Bagaikan monumen ambisi yang gagal, gedung 105 lantai ini menjadi hotel tidak berpenghuni tertinggi di dunia, demikian laporan Business Insider. Desainnya yang menyerupai piramida dengan tiga sayap curam dan ujung membulat di bagian puncak, seharusnya menjadi simbol kebanggaan Korea Utara.

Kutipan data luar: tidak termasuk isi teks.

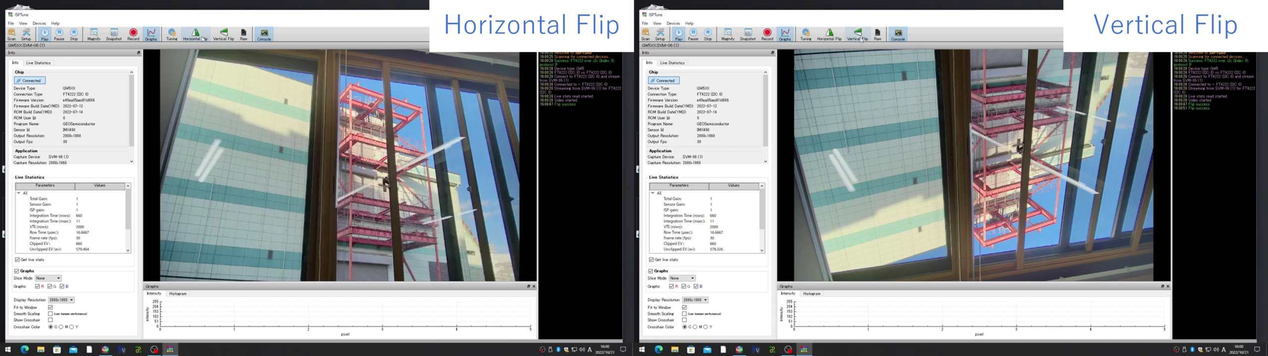 ISPの設定で水平反転、垂直反転などの機能を動作させることができます。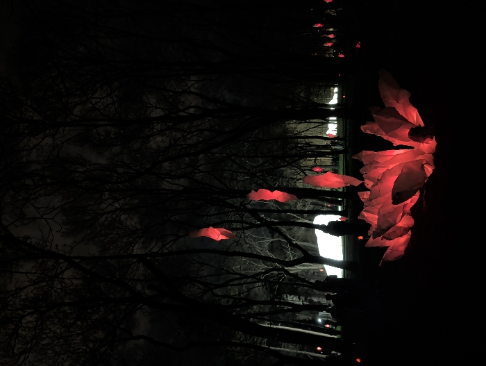 The scene depicts an outdoor light art installation at night in an urban park in Sofia, Bulgaria. In the immediate foreground, a prominent art piece glows with intense red light, forming a multi-faceted, petal-like structure situated on the dark ground. Several other elongated, similarly red-illuminated, fabric-like structures are visible in the mid-ground, appearing to hang from or be integrated with the bare branches of tall trees. Scattered human figures are silhouetted in the mid-ground, their forms indistinct as they move or stand among the installations. Further back, a large, rectangular area emits a bright, uniform white light, illuminating a section of the park. The background consists of a dense arrangement of deciduous trees, their bare branches starkly silhouetted against a dark, cloudy night sky. Smaller, subtle red lights are distributed across the park's darker areas, indicating additional, less prominent illuminated elements. The ground is dark, appearing to be covered in grass or bare earth.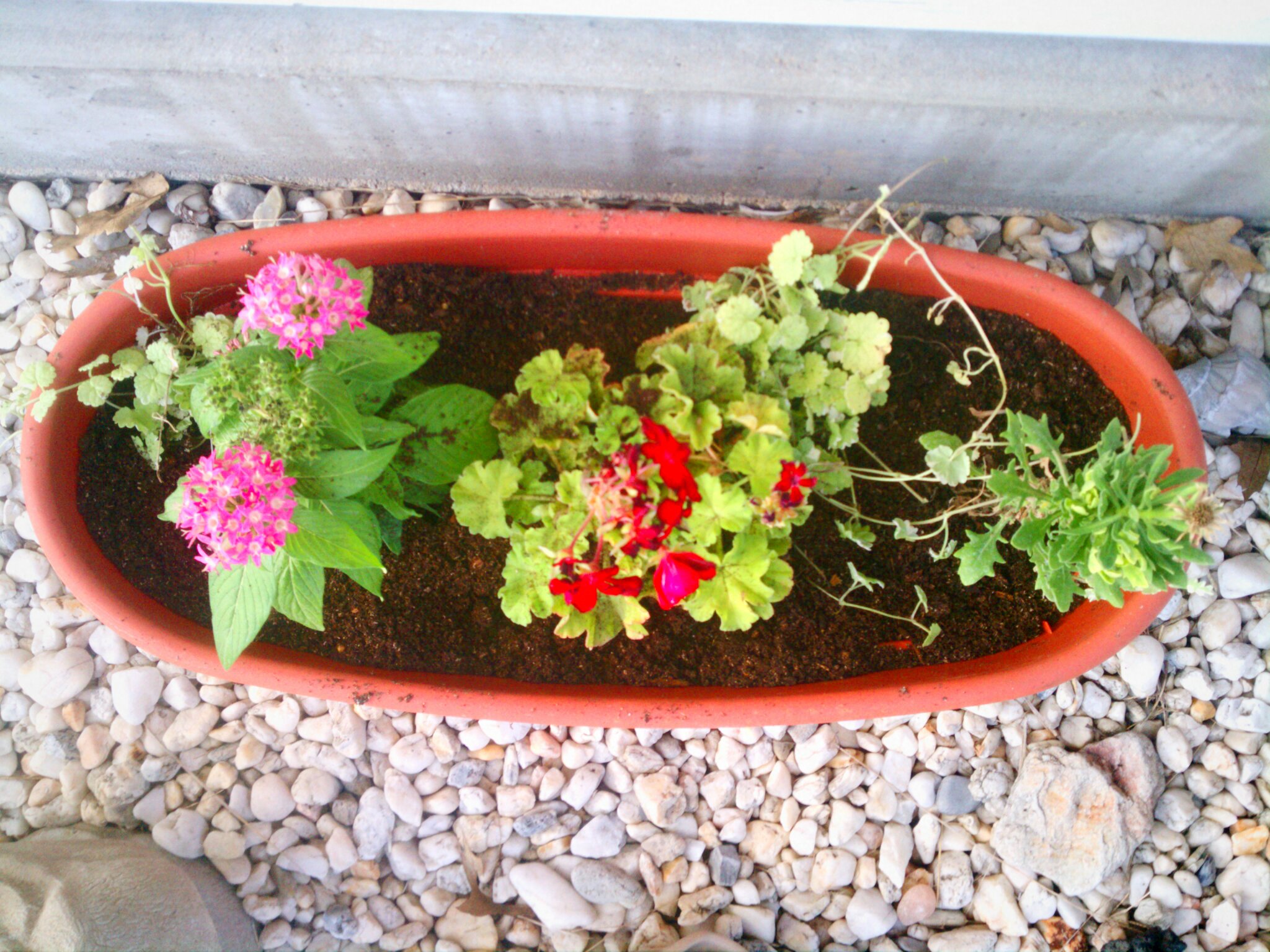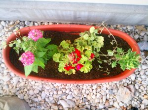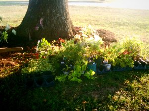 all those planters are full. and my sweet aunt has taken it upon herself to water them twice a day. i think we got a little over half planted. here is what we have left.

Dengan 3.000 kamar yang dijanjikan, lima restoran bintang lima, serta restoran berputar di lantai teratas, Hotel Ryugyong seharusnya menjadi ikon mewah. Namanya sendiri diambil dari sebutan lama Pyongyang, ‘ibu kota pohon willow’. Namun, semua kemegahan itu hanya tinggal wacana.
Pembangunan Hotel Ryugyong dimulai pada 1987, didorong oleh persaingan sengit antara Korea Utara dan Korea Selatan di era Perang Dingin.

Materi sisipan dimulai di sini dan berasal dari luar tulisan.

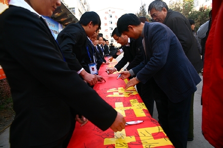 活动现场展出了近期学生处、各二级学院在学生公寓管理检查中发现的各种违禁物品及由学院大学生宿管会、各二级学院宿管会同学精心准备的以“消防安全”为主题的安全宣传展板。活动中,李崇银副院长指出,“要加强安全教育,提高同学们的消防安全意识,同时不断加大检查力度,在学院宿舍中杜绝安全隐患的存在。”活动现场气氛热烈,活动现场的同学通过参观展示违禁物品,加深了对违禁物品的认识,纷纷表示:今后一定不在公寓中使用违禁物品,同时也会提醒和告诫同班、同宿舍同学不带违禁物品进公寓。随后,各位领导带头在写有“珍爱生命,防范未然――拒绝使用违章电器,从我做起。”的横幅上签下自己的名字,以表示对此次学生公寓安全活动的支持,广大同学积极响应,纷纷提笔签名。
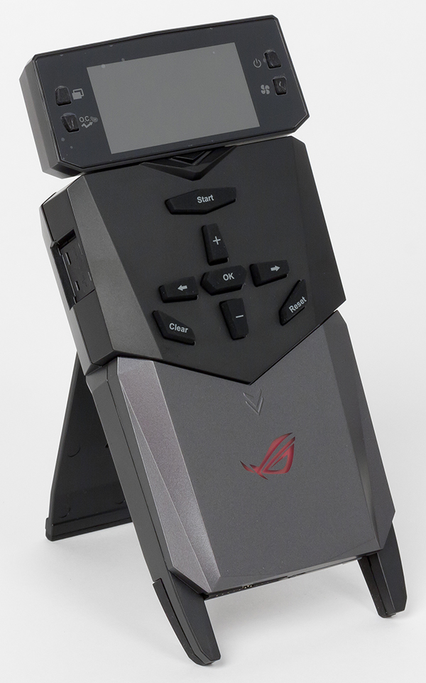 Данная панель подключается специальным кабелем к соответствующему разъему на плате (задействуются одновременно разъем ROG_Ext и один разъем для подключения USB 2.0 портов). Кабель, нужно отметить, не очень удобный. Он довольно толстый и жесткий и не позволяет удобно разместить панель на столе.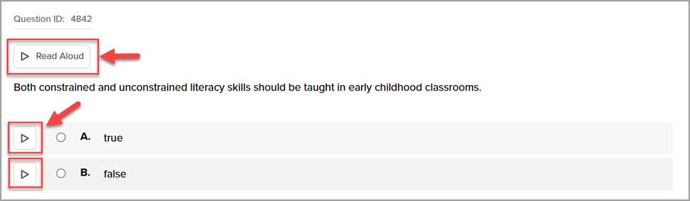 Enable Read Aloud: Students will have the option to have questions and answer choices read to them using text-to-speech by selecting the Click to Read (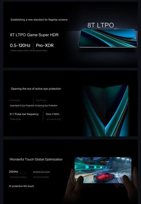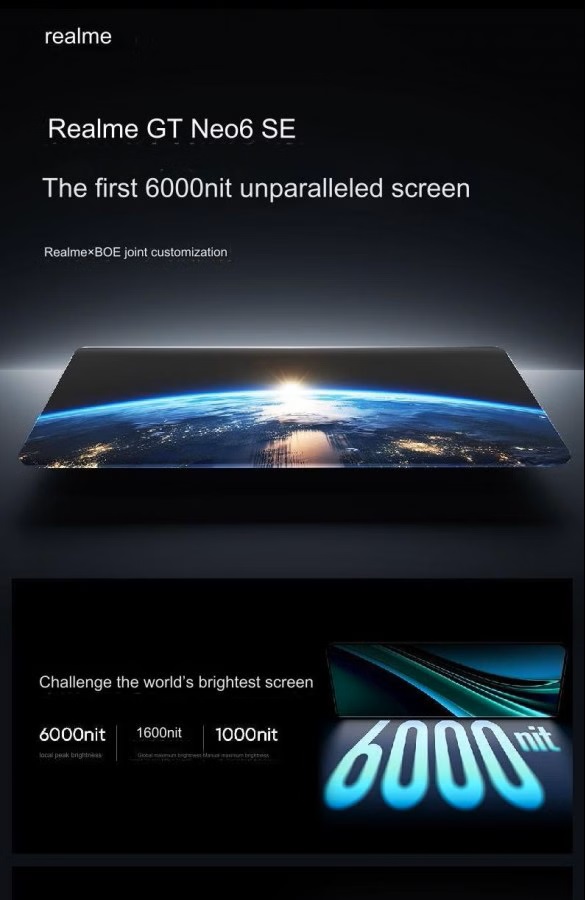 Помимо реального фото, компания Realme поделилась некоторыми характеристиками экрана GT Neo6 SE. Он будет изготовлен компанией BOE по технологии 8T LTPO OLED. Разрешение дисплея составит 1.5K, частота обновления будет варьироваться от 0.5 до 120 Гц, а пиковая яркость достигнет невероятных 6000 нит.

Korea Utara mengumumkan proyek Hotel Ryugyong yang digadang-gadang bakal menjadi hotel terbesar dan tertinggi sejagat. Namun, ambisi ini terhenti tiba-tiba.
Pada 1991, Uni Soviet runtuh. Korea Utara kehilangan penyokong dana utama, dan krisis ekonomi pun melanda. Proyek yang sudah menelan biaya sekitar Rp30,6 triliun itu terpaksa mangkrak pada 1992, tanpa jendela dan fasilitas interior. Gedung itu bak kerangka beton raksasa yang menjulang.
Barulah pada 2008, sebuah kontraktor asal Mesir, Orascom Group, mengambil alih proyek dan memasang jendela di seluruh gedung. Namun, menurut laporan Reuters, biaya untuk menyelesaikan interior hotel ini diprediksi mencapai US$2 miliar atau sekitar Rp32 triliun.
Harapan sempat muncul pada 2012 ketika jaringan bisnis hotel asal Jerman, Kempinski, berencana mengambil alih manajemen. Namun, mereka mundur beberapa bulan sebelum hotel dibuka.
Tampaknya, kekhawatiran soal konstruksi menjadi alasan utama. Kabar robohnya sebuah gedung apartemen 23 lantai di Pyongyang membuat Kempinski berpikir dua kali.
Meski tak pernah beroperasi, Hotel Ryugyong sesekali digunakan untuk perayaan besar. Pada 2009, gedung ini menjadi latar kembang api, dan pada 2018, layarnya dipasangi LED untuk menampilkan slogan propaganda.
Kini, Korea Utara dikabarkan mencari investor asing untuk membeli hak perjudian dan mengoperasikan kasino di hotel tersebut. Kabarnya, ini meniru keberhasilan kasino di Hotel Internasional Yanggakdo Pyongyang yang populer di kalangan turis.
Pada akhirnya, Hotel Ryugyong kini hanya berfungsi sebagai landmark dan daya tarik turis. Sebuah gedung ambisius yang tak pernah terwujud, berdiri sunyi sebagai pengingat pahit akan mimpi yang tak pernah tergapai.